Hydrocarbon Engineering,


Indonesia

To 2023, BMI expects crude oil production to fall between 2014 and 2023 as there are no large projects to provide new output. Indonesia’s gas production is expected to continue on a downward path this year and in to next year however, BMI anticipate a turnaround in the industry in 2016 due to major new projects and also expectations that a more stable regulatory environment will enable the sector to move ahead with some investment decisions that are currently stalled.

BMI expect oil consumption in Indonesia to see a short term contraction due to a cut in fuel subsidies and a decrease in the use of oil for power generation. However, when President Elect Jokowi comes into power, he is expected to bring with him economic growth which could revive oil demand levels. Also, there are high levels of government support for the construction of new refining capacity in the country according to BMI, as well as for the modernisation of existing plants in an effort to meet the increasing levels of oil demand. Yet, BMI expect proposals to encounter problems when it comes to financing and only the Bontang refinery plans are anticipated to achieve success.

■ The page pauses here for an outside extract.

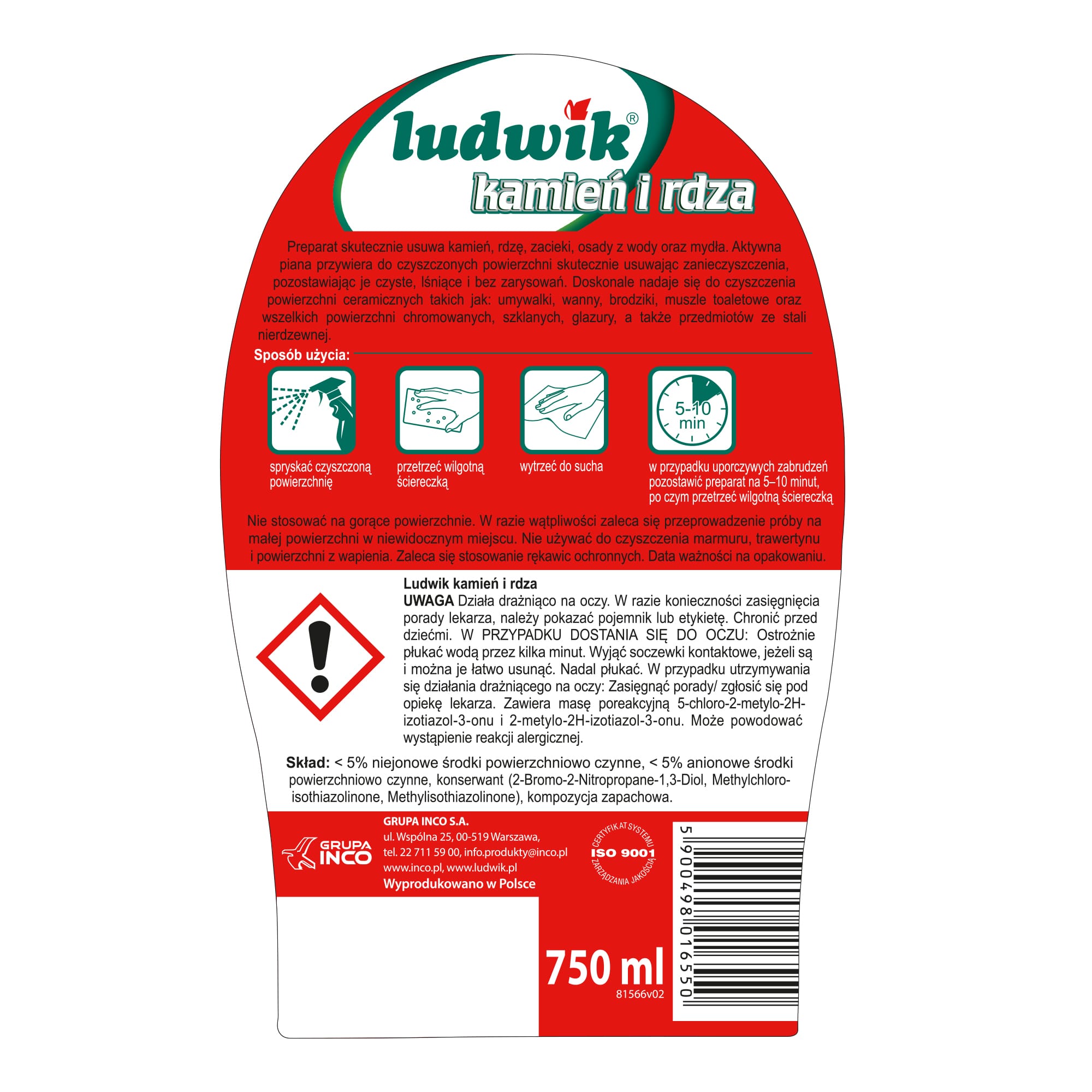 Ludwik płyn do kamienia i rdzy skutecznie usuwa kamień i rdze, zacieki z wody i mydła. Nie pozostawia zacieków ani smug. Przeznaczony do czyszczenia m.in wanny, zlewów, brodzików, muszli toaletowych, glazury, powierzchni chromowanych, szkła i stali.

When it comes to the consumption of gas, BMI expect an increase to 2023 as the power sector switches to gas from diesel and there is a greater availability of it due to LNG imports. The increase in gas consumption is expected to lower the levels of exports of it from Indonesia.

South Korea

In BMI’s view, the industrialised economy of South Korea along with poor performance in the upstream industry is going to mean the country keeps its position as a large importer of crude oil and natural gas. Poor refining margins in the country along with high oil prices are also expected to turn the country’s large petrochemical sector towards using gas as a feedstock. This is expected to support the growing importance of gas over oil in the economy as a whole.

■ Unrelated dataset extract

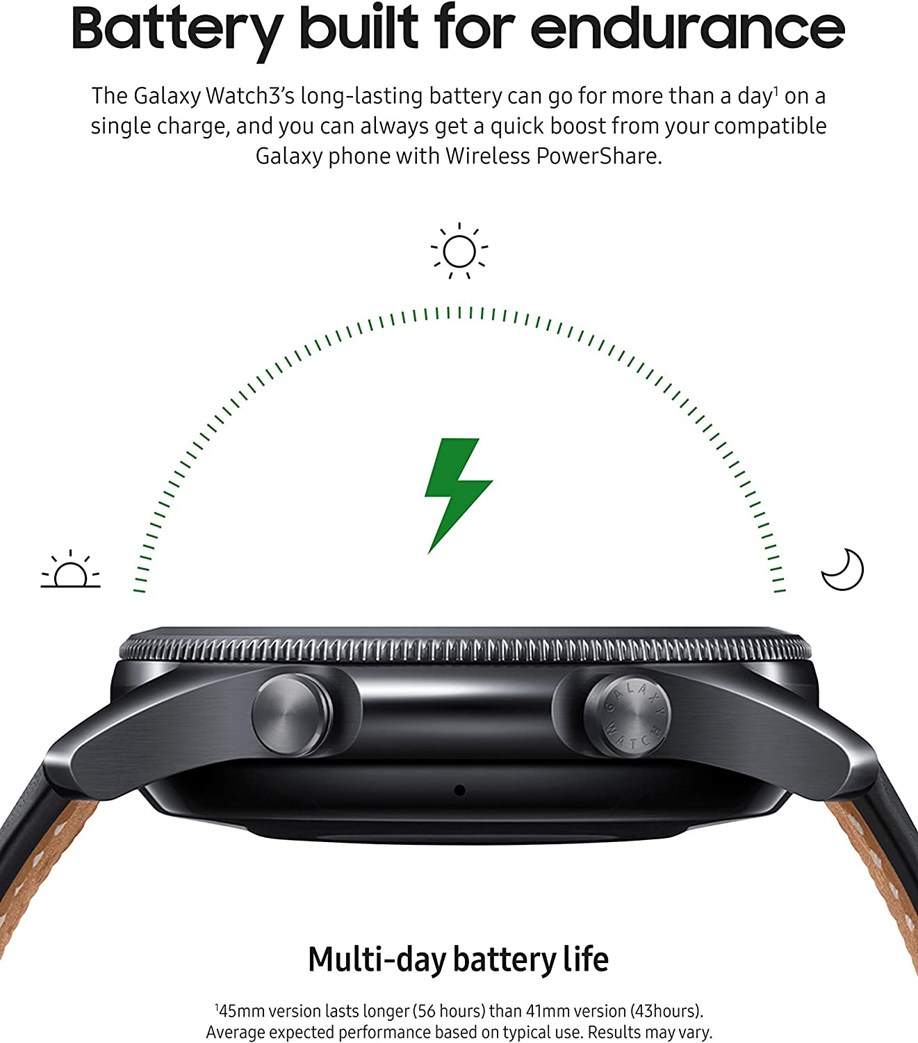 - Galaxy Watch3 combines style—two sizes, three colors, 50,000-plus watch faces and premium leather bands—with military-grade durability and water resistance.

When it comes to key trends in South Korea’s oil and gas sector, BMI has said that the refining sector will keep its crude oil importer requirements high. It is also expected to remain heavily exposed in the Middle East, given that the region supplies more than 80% of its crude oil needs. Refining margins in the country are being squeezed and will continue to be by stronger regional competition and slower demand growth in export markets. Overall, South Korea is expected to remain a large gas consumer however, poor prospected for new gas developments over the period to 2023 will keep the country dependent on LNG imports for almost 100% of its demand according to BMI. The country is likely to remain the world’s second largest importer of LNG to 2023.

Taiwan

BMI have highlighted that Taiwan is almost 100% reliant on imports to meet all its energy needs and expects this status to remain in the short term at least. The country is also increasing its demand for gas and this has created a greater in road for LNG. Taiwan is a marginal producer of gas but despite this, the country’s Ministry of Economics, according to BMI, is focusing on gas playing a big part in the country’s future energy mix. BMI predict that gas consumption in Taiwan will stand at approximately 16.7 billion m3 to 2017 and rise to 24. 8 billion m3 in 2023 as new LNG import capacity becomes available. LNG supply agreements are anticipated by BMI between Taiwan and the US.

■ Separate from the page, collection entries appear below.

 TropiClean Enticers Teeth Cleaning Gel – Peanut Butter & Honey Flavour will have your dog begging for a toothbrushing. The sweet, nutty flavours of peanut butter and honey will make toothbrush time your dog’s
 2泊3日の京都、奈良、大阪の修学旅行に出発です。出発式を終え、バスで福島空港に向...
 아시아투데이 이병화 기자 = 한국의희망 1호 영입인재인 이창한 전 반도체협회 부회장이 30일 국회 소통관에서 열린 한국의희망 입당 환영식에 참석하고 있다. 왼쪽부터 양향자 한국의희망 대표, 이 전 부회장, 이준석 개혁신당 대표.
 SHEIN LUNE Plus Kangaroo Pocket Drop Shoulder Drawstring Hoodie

When it comes to refining in Taiwan, with planned closure of the Kaohsiung refinery expected next year, the country’s crude oil distillation capacity is expected to drop to 1.09 million bpd by 2023. Further expansion of the refining sector in the country is not expected as the country experiences growing environmental consciousness and weaker growth in the local market due to increasing local market competition.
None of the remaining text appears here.